*** Opening of DATA ***

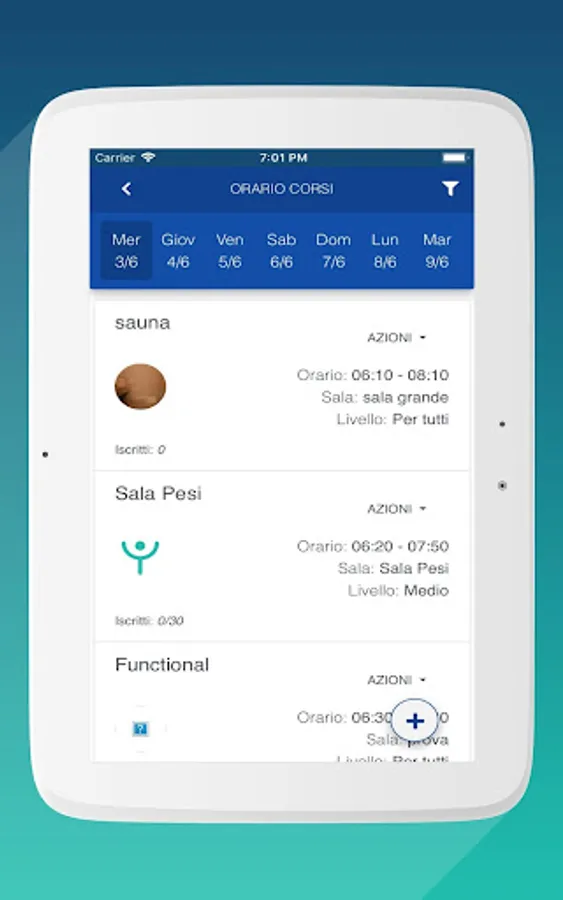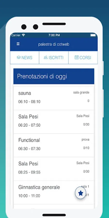 Mobile version of the GYMMY admin panel. The app is reserved exclusively for managers of gyms / structures registered on the GYMMY circuit.
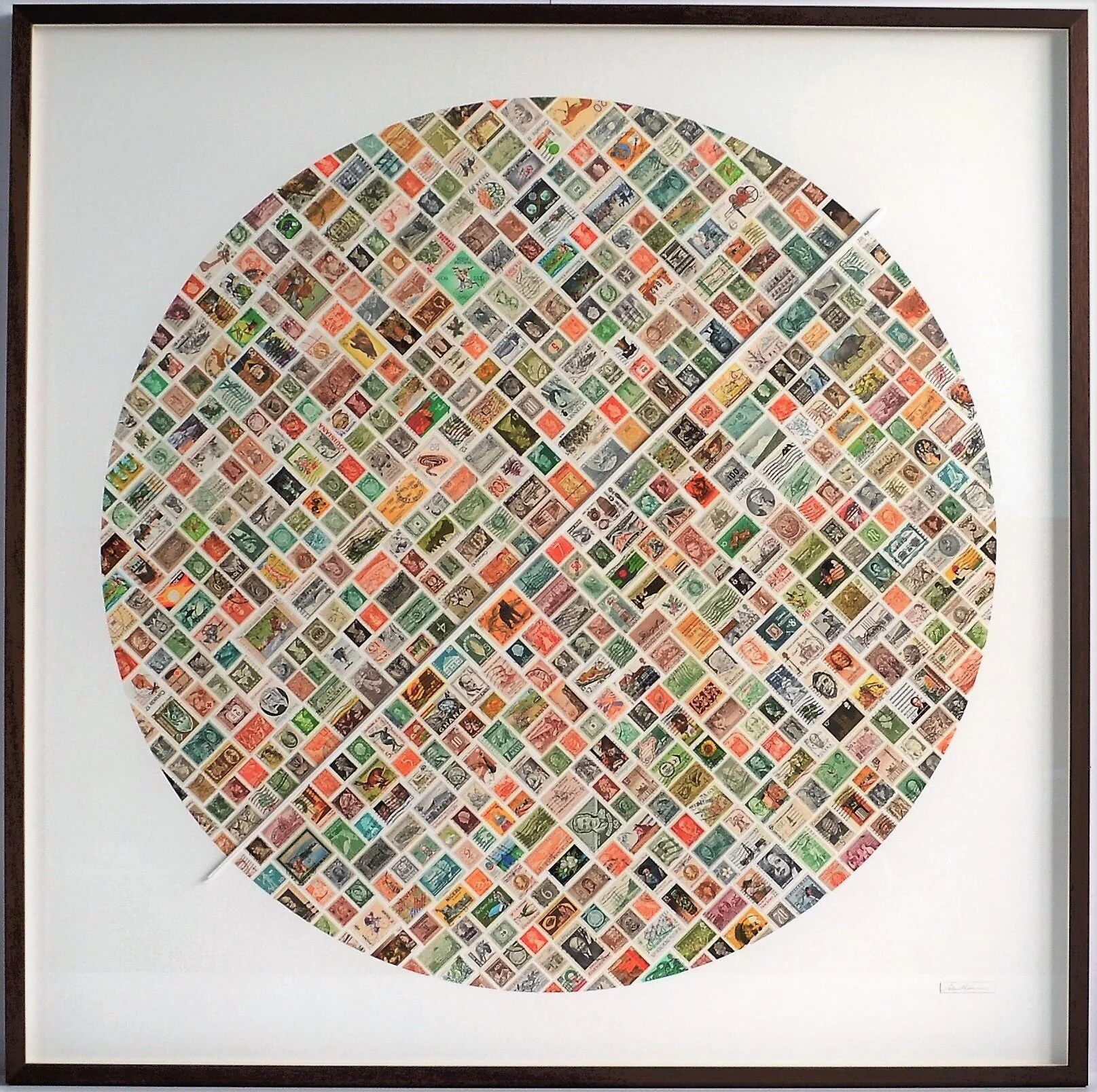 A collection of original, vintage postage stamps and painted wood arranged on canvas with a three-dimensional element. The work is mounted behind conservation glass within a dark brown, wooden frame.
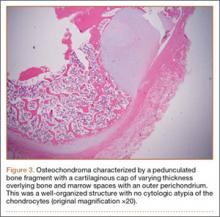 Osteochondromas are common benign bone tumors composed of a bony protrusion with an overlying cartilage cap.1 This lesion constitutes 24% to 40% of all benign bone tumors, and the great majority arise from the metaphyseal region of long bones.2 The scapula accounts for only 3% to 5% of all osteochondromas; however, this lesion is the most common benign bone tumor to involve the scapula.3
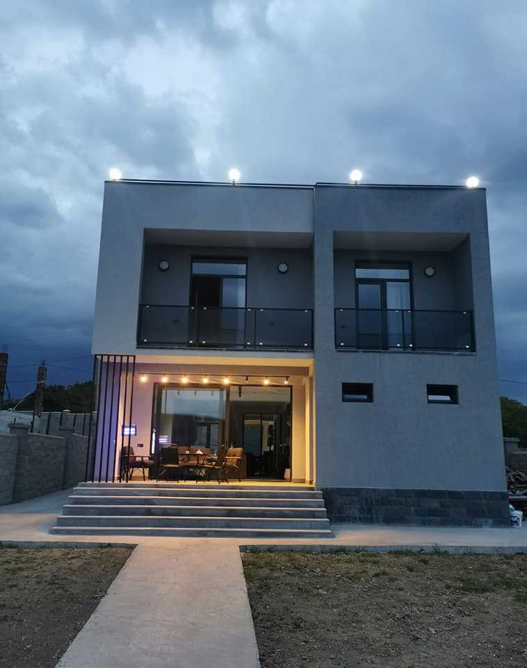 Two-storey party house for rent or sale in Mtskheti district, on top of Nichbis mountain with beautiful views and special design, equipped with all household appliances, indoor and outdoor living spaces. The house is ideal for relaxing and relaxing on weekends. : The house has 5 bedrooms, including one master bedroom. 4 bathrooms, living room with fireplace and separate kitchen
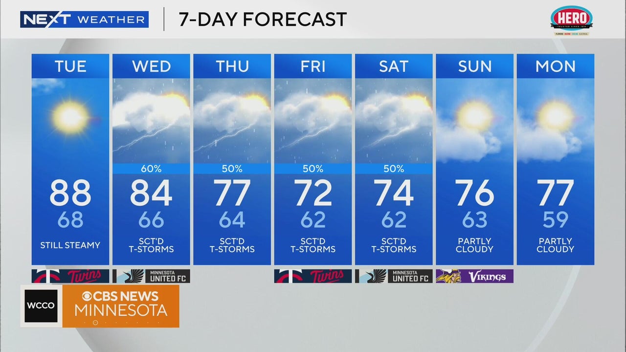 Our late-summer heat will peak Tuesday before storms and seasonable temperatures return.
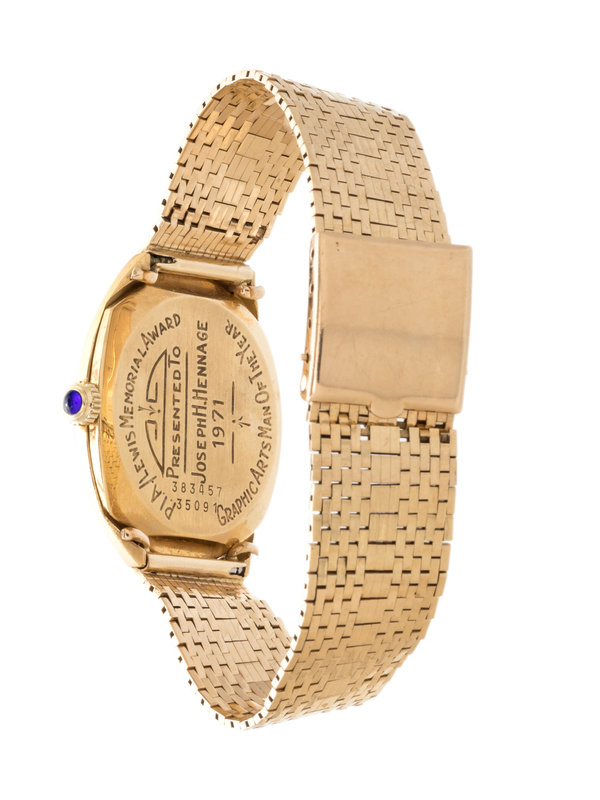 35.00 x 30.00 mm case dimensions including lugs, matte gold dial, black Roman numerals, manual wind movement, personalized engraving on case back, flexible brick link bracelet, deployant clasp.
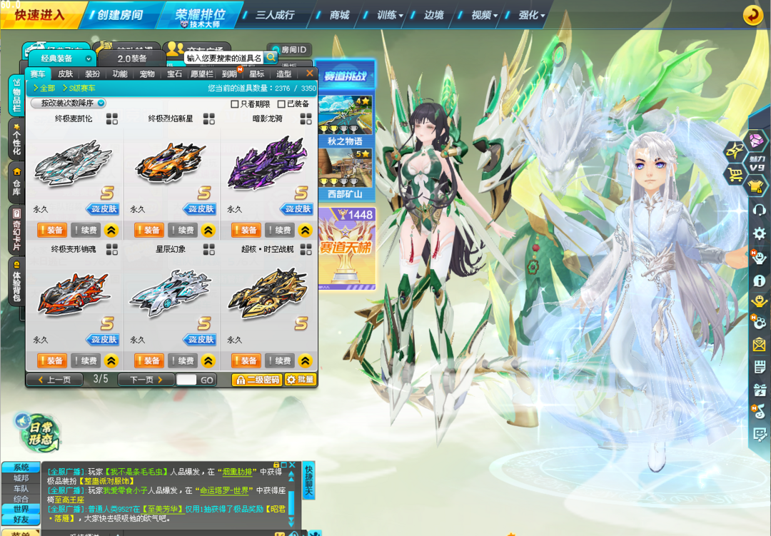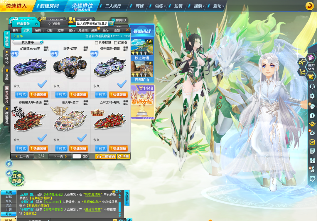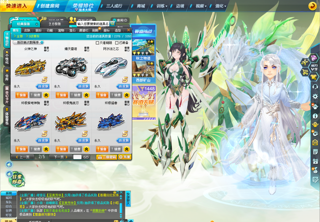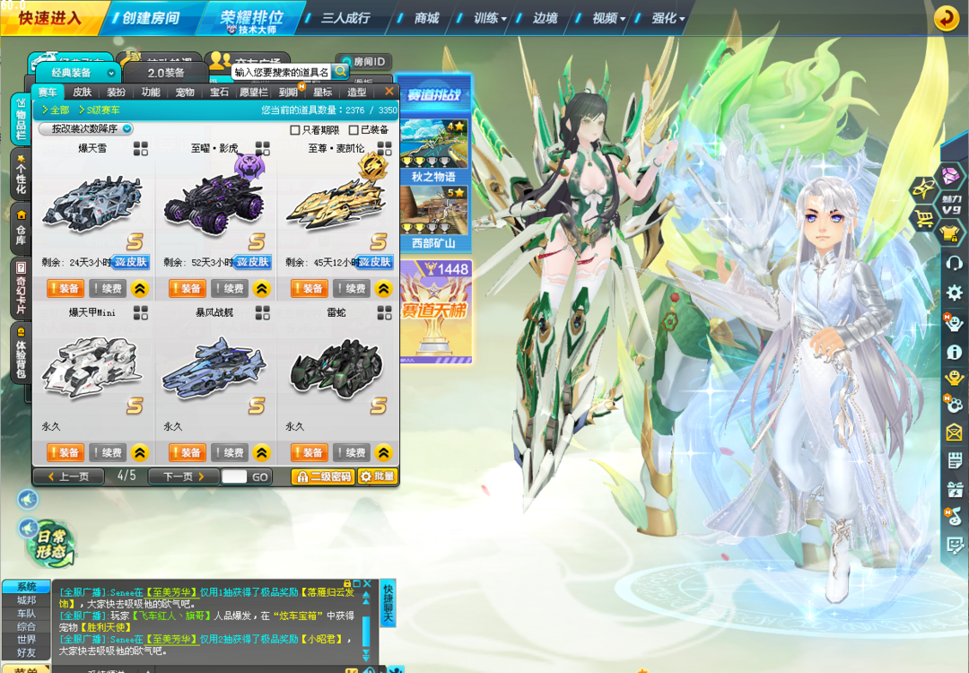 装备描述:刚氪出马年年限、新X次元,上号授权密码已更新 【T3】蛇年创世女娲、创世之神、圣域大天使 【S】蓝鲸强化+10、满配马年至尊-踏月、蛇年至尊-真武、X次元-玉如意、X次元-青龙绘春生、爆天雷诺、超核时空战舰、终极爆天甲-逍遥、爆天甲-奥丁、阿尔法之芯、众神之神-麒麟+哪吒、终极银天使、终极紫电神驹、终极鬼战刀、终极烈焰新星、烈焰新星、终极迈凯伦、终极变形销魂、终极猛兽、巅峰战刀、猛兽、黑域电魔、暗影龙骑等 【T2】幽冥剑圣、死神阿努比斯、黑暗风暴、吕布奉先、孙悟空、雷霆机甲 【A车】58辆 【套装】夜月流星悬浮、云镜龙缘悬浮、稀世锦鲤套装、圣烬红莲服饰、鱼夜情缘悬浮、山海服饰春+秋+冬、007专属服饰等
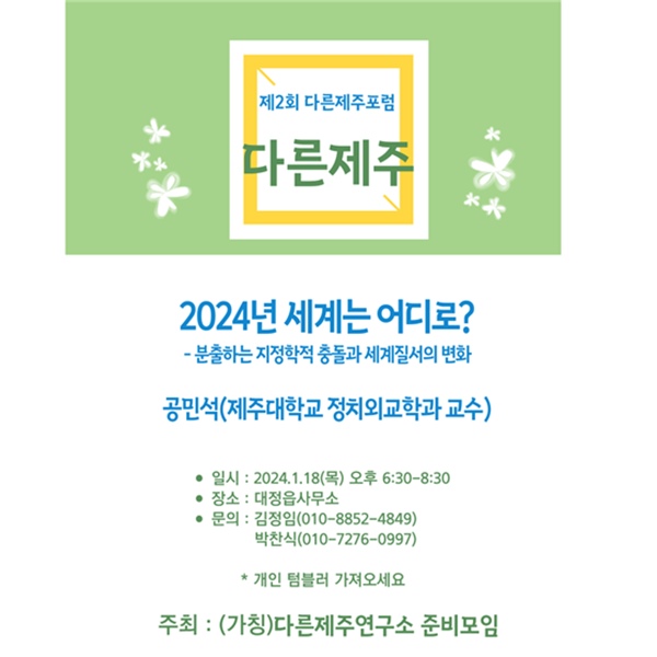 오는 18일 서귀포시 대정읍사무소에서 열리는 이번 포럼은 '2024년 세계는 어디로? - 분출하는 지정학적 충돌과 세계질서의 변화'를 주제로 제주대 정치외교학과 공민석 교수가 발제한 후 토론을 진행한다.
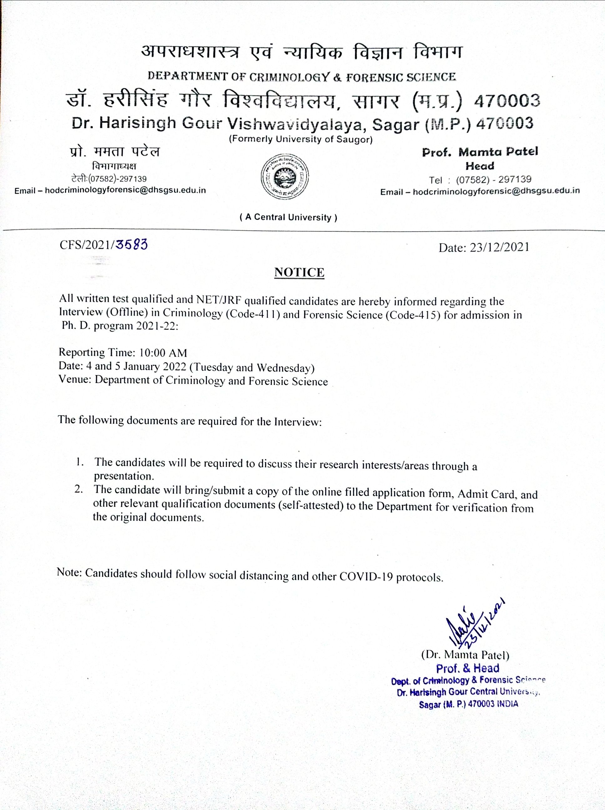 - Admission in Ph.D. Programme 2021-22 in Criminology & Forensic Science - Dept. of Criminology & F.Sc.
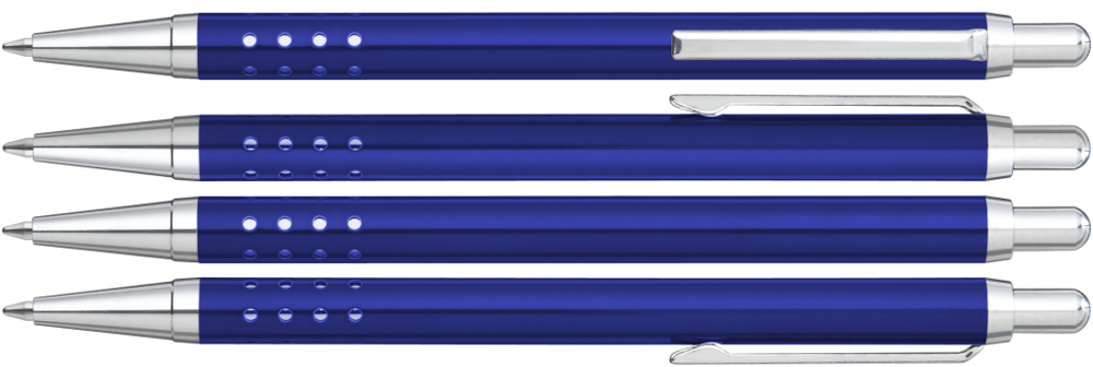 Metall-Druckkugelschreiber lackiert mit gelochter Griffzone. Metallbeschlagteile glanzverchromt.
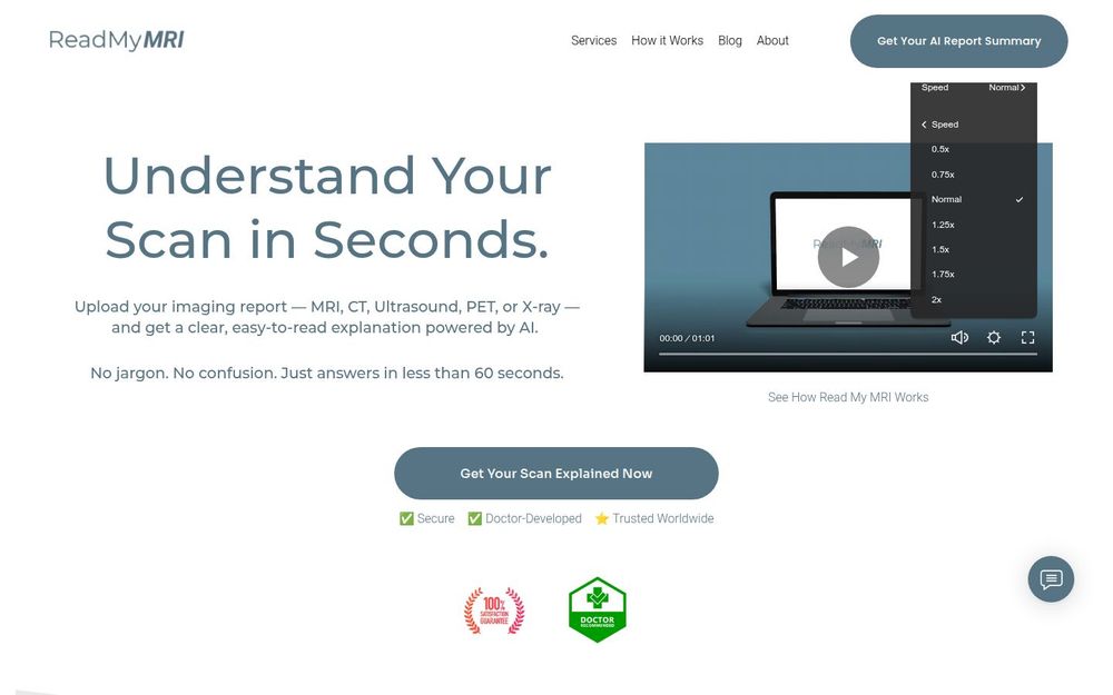 Read My MRI 是一款专为患者设计的 AI 影像报告解读工具,其目标是将晦涩的放射学报告转变为简明、可操作的健康信息。该服务支持多种影像类型(MRI、CT、超声、X 光、PET),由医生参与设计并由人工智能驱动,能够在短时间内为用户生成个性化的报告摘要,帮助患者在就诊前、就诊中或就诊后更好地理解自身的检查结果。
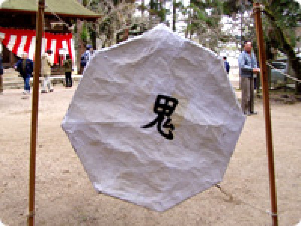 年の始めに争いごとはしないという意味を込めて矢を射る宮島の恒例行事。的の裏には甲・乙・ム(こう・おつ・なし)の3文字を組み合わせた謎字が書かれてあり、これが争いごとをしないという意味を持っています。
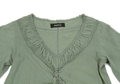 ズッカZUCCA コットン製品染め前ギャザーワンピース モスグリーンM商品コード:K-43370コンディションランクコンディション詳細サイドに擦れ毛羽立ちあり(写真参照)。
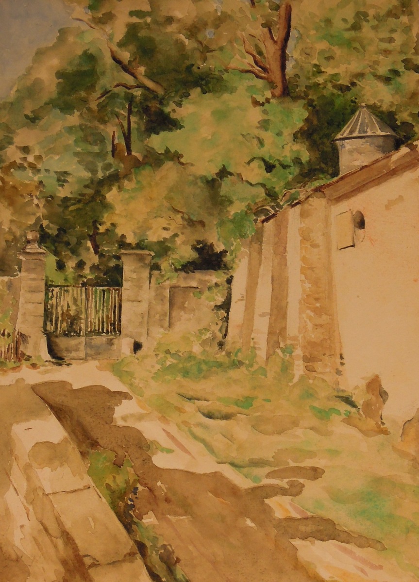 Murs d'enceinte. Aquarelle légendée au crayon au dos: " Copie d'après une aquarelle de Ed. Pujol Paris juillet 1887. 35 x 26,5 cm.
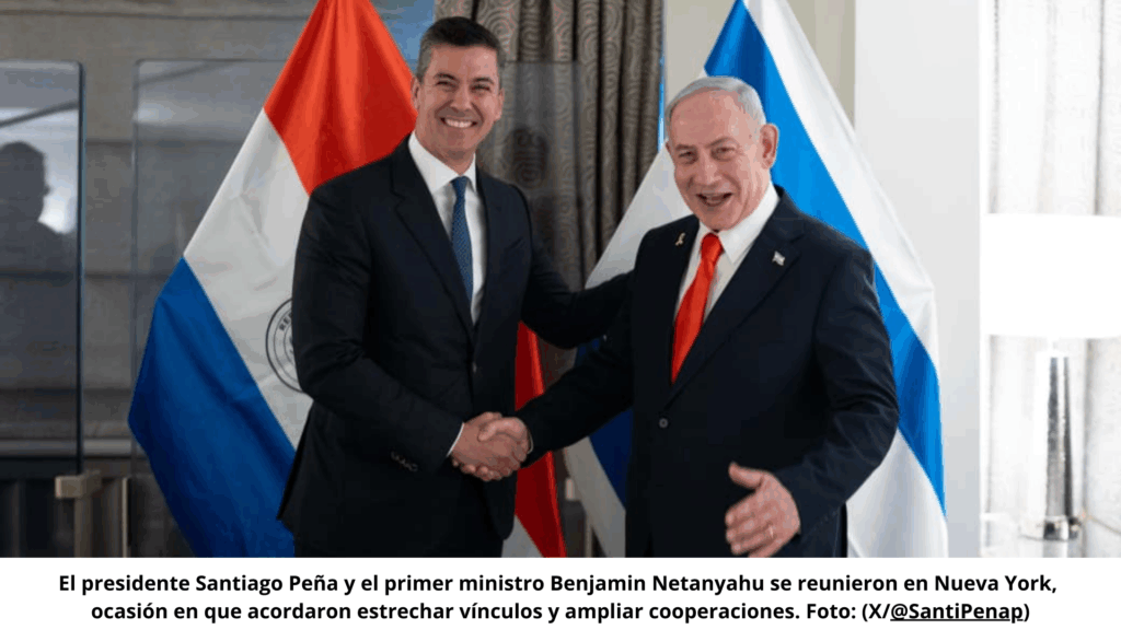 El presidente de la República de Paraguay, Santiago Peña, se reunió en Nueva York con el primer ministro de Israel, Benjamin Netanyahu, durante su participación en la Asamblea General de las Naciones Unidas.
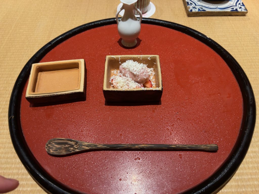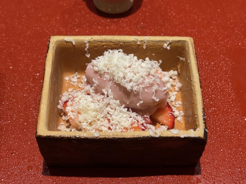 デザートは2品。いちごを使ったデザートでと最中の皮で挟んで頂くお菓子です。

*** Close of DATA ***

WORK TO COMPLETE:
What is needed is an exact copy of the lines from the one with "Read My MRI" through the end of the data above, both included, minus any pictures.

OUTPUT BELOW:
 Read My MRI 是一款专为患者设计的 AI 影像报告解读工具,其目标是将晦涩的放射学报告转变为简明、可操作的健康信息。该服务支持多种影像类型(MRI、CT、超声、X 光、PET),由医生参与设计并由人工智能驱动,能够在短时间内为用户生成个性化的报告摘要,帮助患者在就诊前、就诊中或就诊后更好地理解自身的检查结果。
 年の始めに争いごとはしないという意味を込めて矢を射る宮島の恒例行事。的の裏には甲・乙・ム(こう・おつ・なし)の3文字を組み合わせた謎字が書かれてあり、これが争いごとをしないという意味を持っています。
 ズッカZUCCA コットン製品染め前ギャザーワンピース モスグリーンM商品コード:K-43370コンディションランクコンディション詳細サイドに擦れ毛羽立ちあり(写真参照)。
 Murs d'enceinte. Aquarelle légendée au crayon au dos: " Copie d'après une aquarelle de Ed. Pujol Paris juillet 1887. 35 x 26,5 cm.
 El presidente de la República de Paraguay, Santiago Peña, se reunió en Nueva York con el primer ministro de Israel, Benjamin Netanyahu, durante su participación en la Asamblea General de las Naciones Unidas.
 デザートは2品。いちごを使ったデザートでと最中の皮で挟んで頂くお菓子です。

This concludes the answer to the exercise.